● Assigned task
Every line from the one with "Elegant porcelænsservise fra" through the last line below should be repeated exactly; pictures stay out of the copy.

*** Opening of Records for the task ***

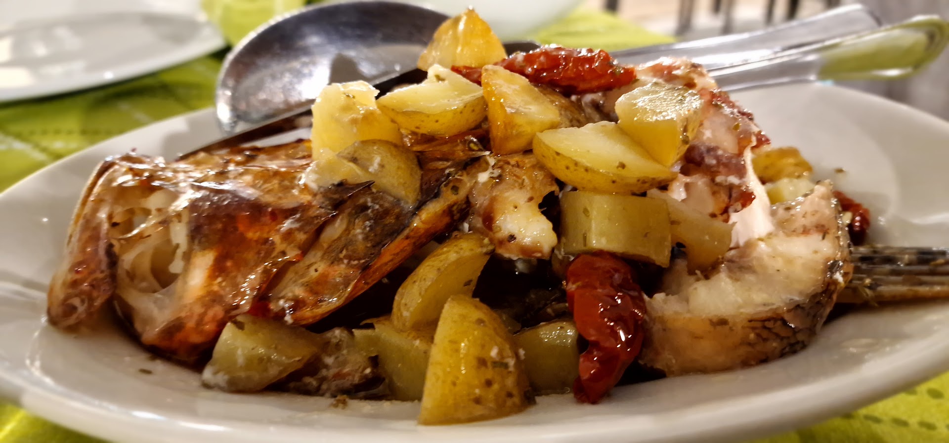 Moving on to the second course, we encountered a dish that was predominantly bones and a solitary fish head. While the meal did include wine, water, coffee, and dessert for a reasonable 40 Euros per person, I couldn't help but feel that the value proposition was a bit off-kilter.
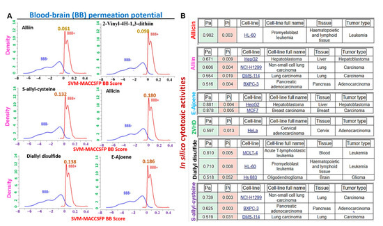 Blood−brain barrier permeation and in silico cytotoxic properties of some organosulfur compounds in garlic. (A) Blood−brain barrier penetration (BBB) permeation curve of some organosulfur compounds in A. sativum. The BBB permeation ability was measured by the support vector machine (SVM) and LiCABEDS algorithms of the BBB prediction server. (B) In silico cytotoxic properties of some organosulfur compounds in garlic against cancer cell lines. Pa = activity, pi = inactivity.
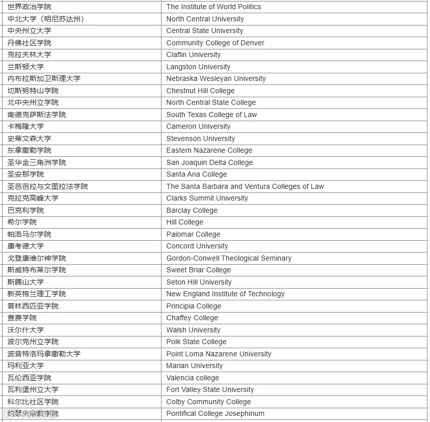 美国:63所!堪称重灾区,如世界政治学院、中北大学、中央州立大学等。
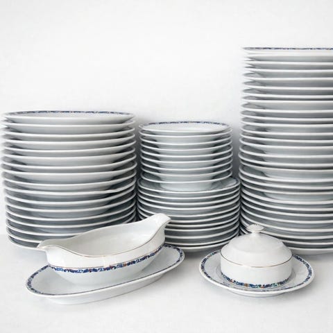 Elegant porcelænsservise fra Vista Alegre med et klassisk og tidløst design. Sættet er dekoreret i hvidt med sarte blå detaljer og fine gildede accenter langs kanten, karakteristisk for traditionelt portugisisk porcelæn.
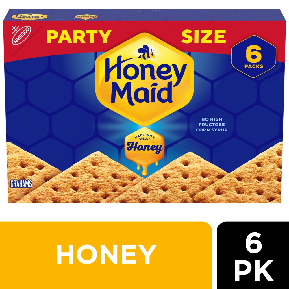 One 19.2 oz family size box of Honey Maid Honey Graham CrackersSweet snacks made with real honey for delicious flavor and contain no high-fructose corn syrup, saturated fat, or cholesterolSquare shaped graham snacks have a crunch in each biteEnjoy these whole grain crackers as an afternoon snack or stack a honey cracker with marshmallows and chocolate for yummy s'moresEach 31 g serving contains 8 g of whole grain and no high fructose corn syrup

*** Close of Records for the task ***

● Finished task
 Elegant porcelænsservise fra Vista Alegre med et klassisk og tidløst design. Sættet er dekoreret i hvidt med sarte blå detaljer og fine gildede accenter langs kanten, karakteristisk for traditionelt portugisisk porcelæn.
 One 19.2 oz family size box of Honey Maid Honey Graham CrackersSweet snacks made with real honey for delicious flavor and contain no high-fructose corn syrup, saturated fat, or cholesterolSquare shaped graham snacks have a crunch in each biteEnjoy these whole grain crackers as an afternoon snack or stack a honey cracker with marshmallows and chocolate for yummy s'moresEach 31 g serving contains 8 g of whole grain and no high fructose corn syrup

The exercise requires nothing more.